→ Try it: Beginning with the line containing "Вопрос: куда делся" and ending with the line containing "从建筑品质看,安澜府采用玻璃", write out each line of the records below exactly; pictures and lines outside that range are left out.

→ Task data:

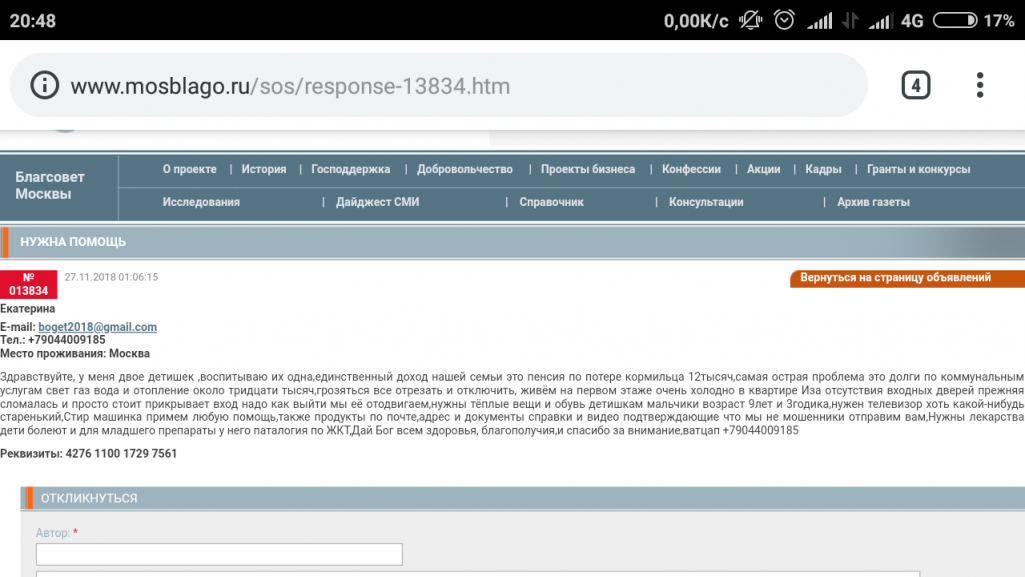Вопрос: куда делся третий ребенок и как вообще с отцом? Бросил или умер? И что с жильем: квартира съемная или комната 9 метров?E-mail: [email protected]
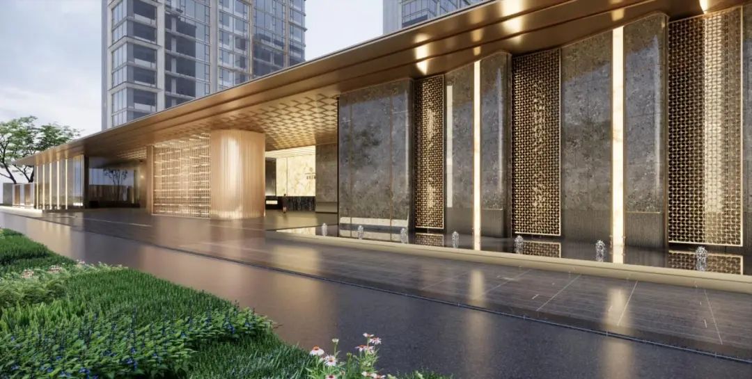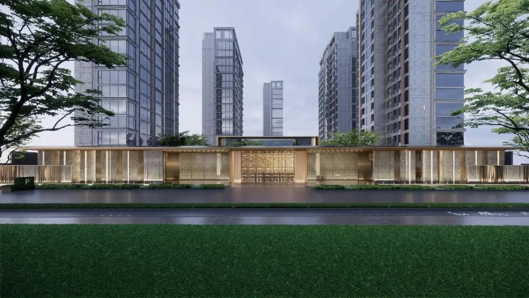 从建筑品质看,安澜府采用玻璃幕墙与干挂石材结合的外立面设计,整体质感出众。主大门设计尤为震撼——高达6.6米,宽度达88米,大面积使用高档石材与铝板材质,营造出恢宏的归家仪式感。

---

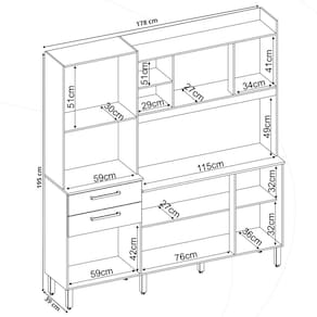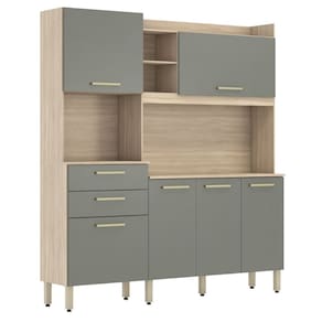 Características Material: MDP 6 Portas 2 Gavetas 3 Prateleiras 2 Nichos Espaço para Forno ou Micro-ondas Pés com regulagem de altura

→ Output below:
Вопрос: куда делся третий ребенок и как вообще с отцом? Бросил или умер? И что с жильем: квартира съемная или комната 9 метров?E-mail: [email protected]
 从建筑品质看,安澜府采用玻璃幕墙与干挂石材结合的外立面设计,整体质感出众。主大门设计尤为震撼——高达6.6米,宽度达88米,大面积使用高档石材与铝板材质,营造出恢宏的归家仪式感。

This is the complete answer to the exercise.